La nueva producción del gran Ridley Scott no podía ser menos espectacular. El británico, cuyo trabajo incluye películas de auténtico culto como Blade Runner y Alien, el octavo pasajero, se adentra en la compleja tarea de realizar un film de inspiración bíblica. El resultado es Exodus, una película llena de detalles que deja un sabor agridulce y muchas dudas. Su elaboración de los escenarios es impecable y el ritmo de la película bastante aceptable para una historia que no es sencilla de contar. Scott no falla en su labor, pero lo que nos entrega es una interpretación en muchos puntos inesperada que se topa con un imaginario acostumbrado a enfrentar esta historia de otra manera.

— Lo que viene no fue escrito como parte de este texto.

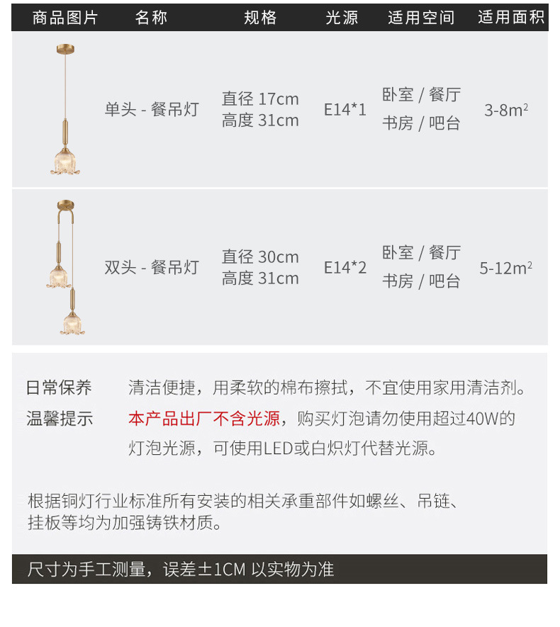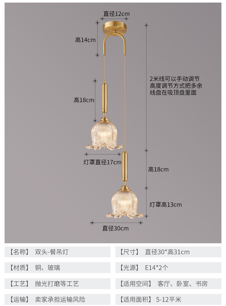 アメリカンライト高級全銅レストランランプシャンデリアバーランプシンプルモダンクリエイティブダイニングルームベッドルームベッドサイドランプ66727

Vamos a decir lo obvio: son muy pocos los que han leído la Biblia y menos todavía los que lo hacen con mucha atención. Quejarse de que el relato no es fiel al texto es una fiel muestra de esto. No se puede hacer una película de un texto tan soso como el de los libros del Antiguo Testamento. Resulta muy ingenuo pedir de un producto cinematográfico una fidelidad al texto literario del que emana, más todavía si se trata de un texto bíblico. Pero esto, de nuevo, es algo obvio. Quiero remarcarlo para evitar enfrentarse a la película desde esta perspectiva  y hacerlo más bien como lo que es: una interpretación bastante libre de una historia que es de dominio público, a pesar de no ser muy leída.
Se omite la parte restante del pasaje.